Difference between 2^02 and (2^0)2?

Question

I have expected both expression's will give same answer:

System.out.println(2^0*2);
System.out.println((2^0)*2);

Output:

2
4

Is there a specific reason why 2^0*2 = 2 and (2^0)*2 = 4?

Please restrict yourself to one language only.
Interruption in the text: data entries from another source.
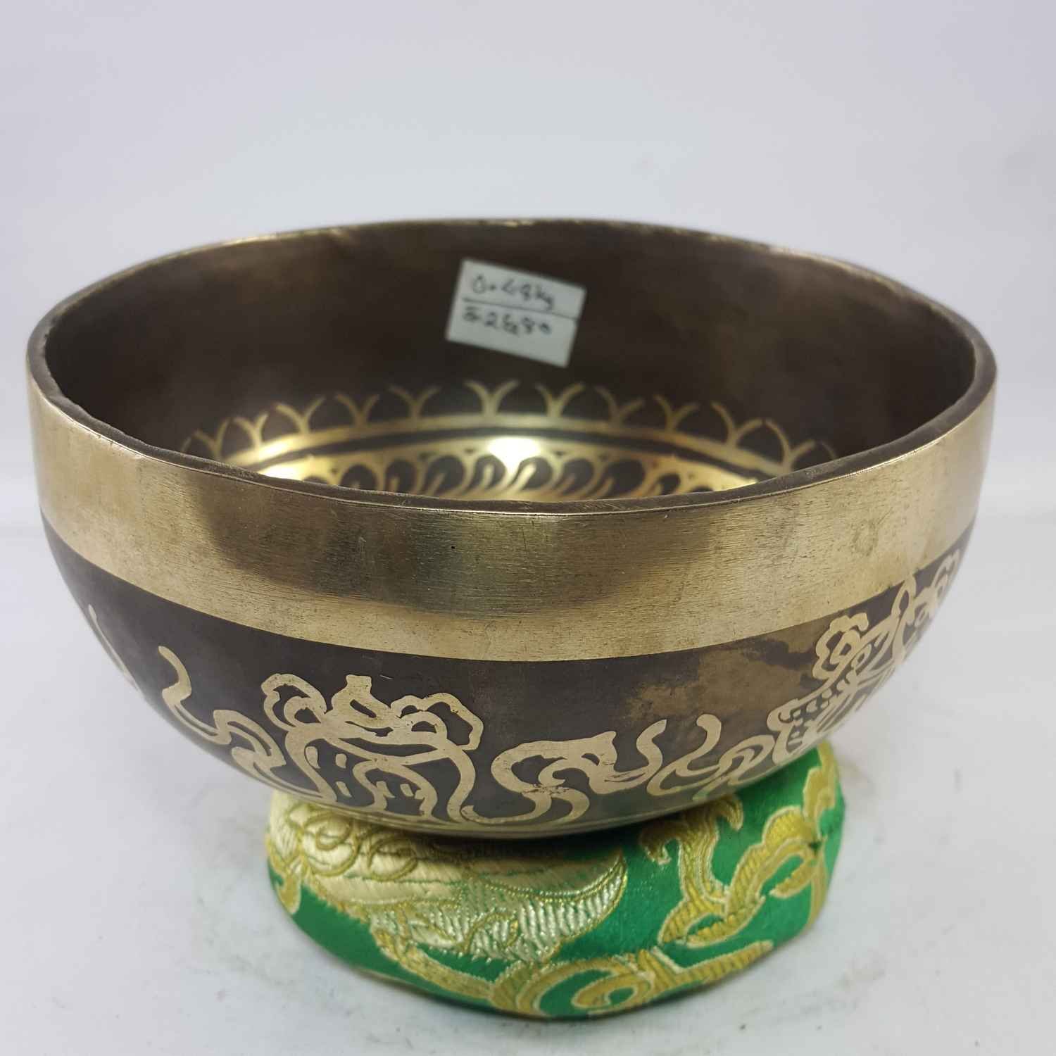 Bronze Hand Beaten Etched and Carved Bowls with Fish At The Centre, Select Accessories , A bowl used for meditation and healing, producing a soothing sound that promotes relaxation and mindfulness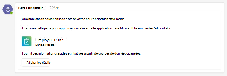 Après avoir configuré la règle d’envoi d’applications, vous pouvez consulter les cartes de notification dans le canal spécifié pour afficher les détails de l’application et sélectionner Afficher les détails pour ouvrir des applications dans le Centre d’administration Teams.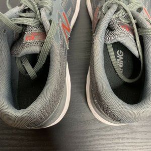 This is a good pair of preowned womens size 5.5 New Balance grey and red Tech Ride running shoes.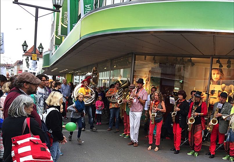 As we approached we saw many people standing around on the bridge drinking glasses of wine listening to the live music.  We found a cycle rack that was, unusually, undercover and we locked the bikes up and walked around the town.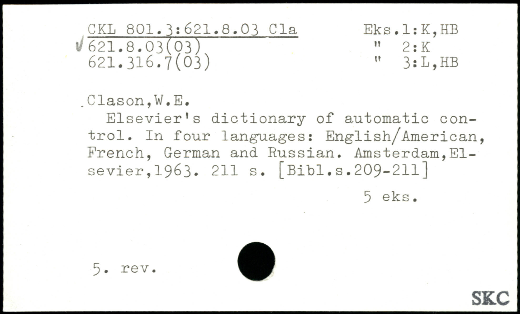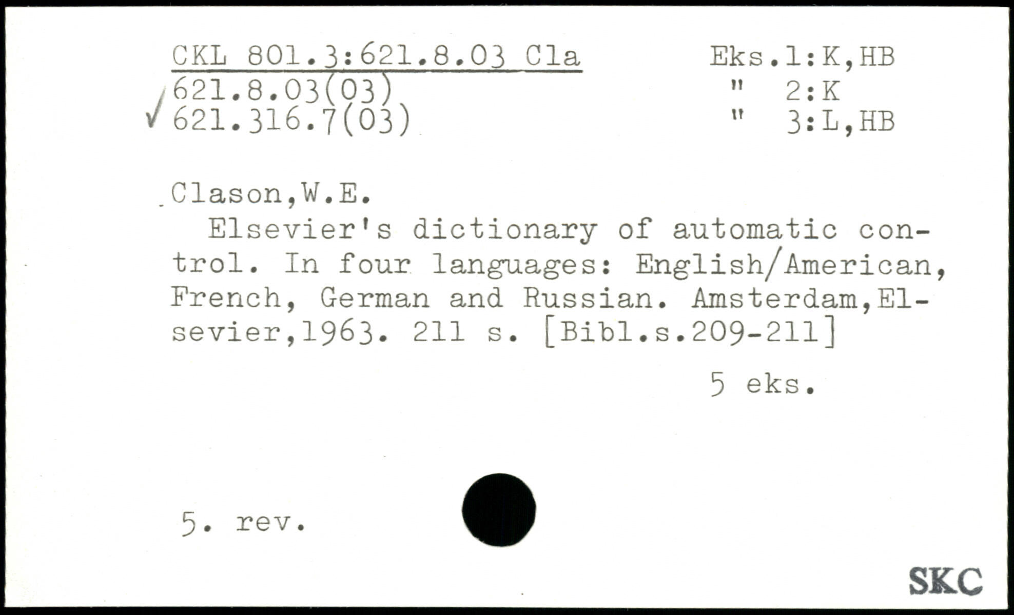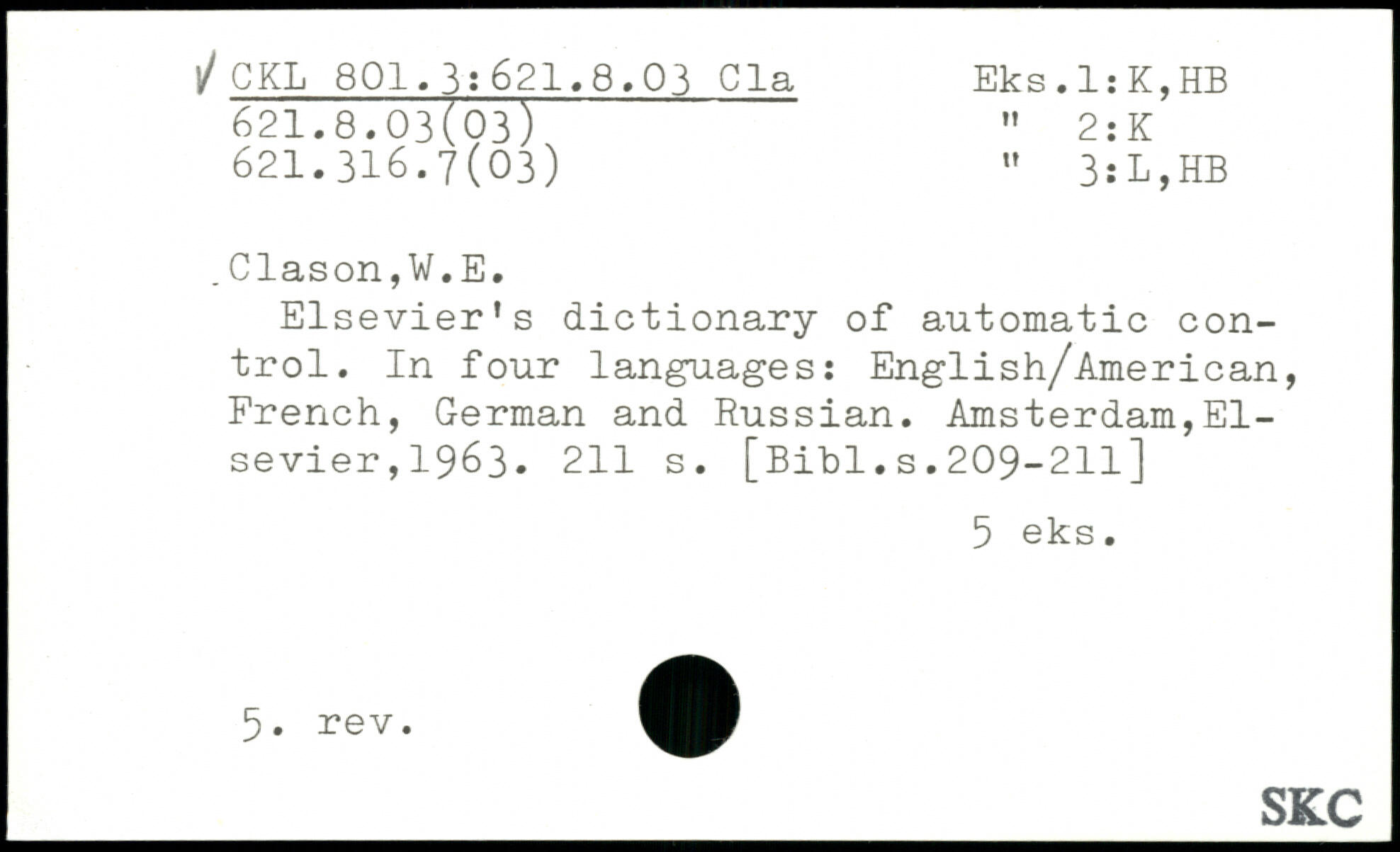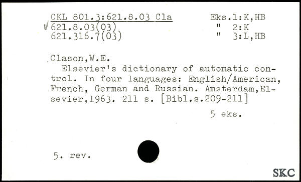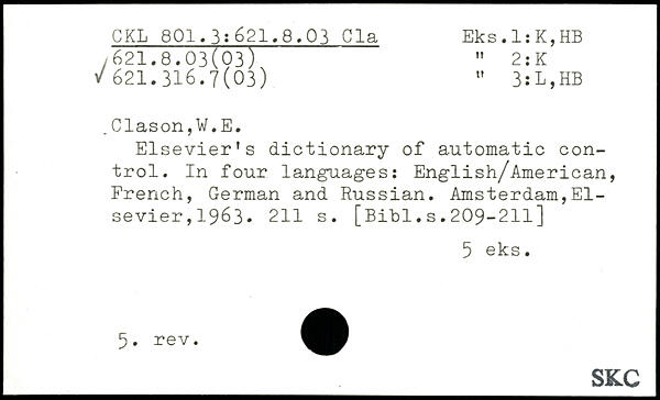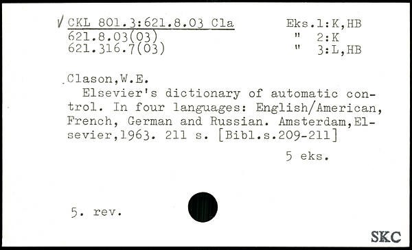 Elsevier’s dictionary of automatic control. In four languages: English/American, French, German and Russian.

A question that asks about two language is too broad. — Stephen C, Oct 01 '16 at 08:18
`*` has higher precedence than `^`. Most likely what you intended was `Math.pow(2, 0) * 2` — Peter Lawrey, Oct 01 '16 at 10:09

Nikolas Charalambidis · Accepted Answer · 2016-10-01T08:36:55.640

You have wrongly assumed that ^ operator behaves the same like the exponentiation in math.

At the first sight you can see that ^ is understood as + operator. Actually it means bitwise XOR operator.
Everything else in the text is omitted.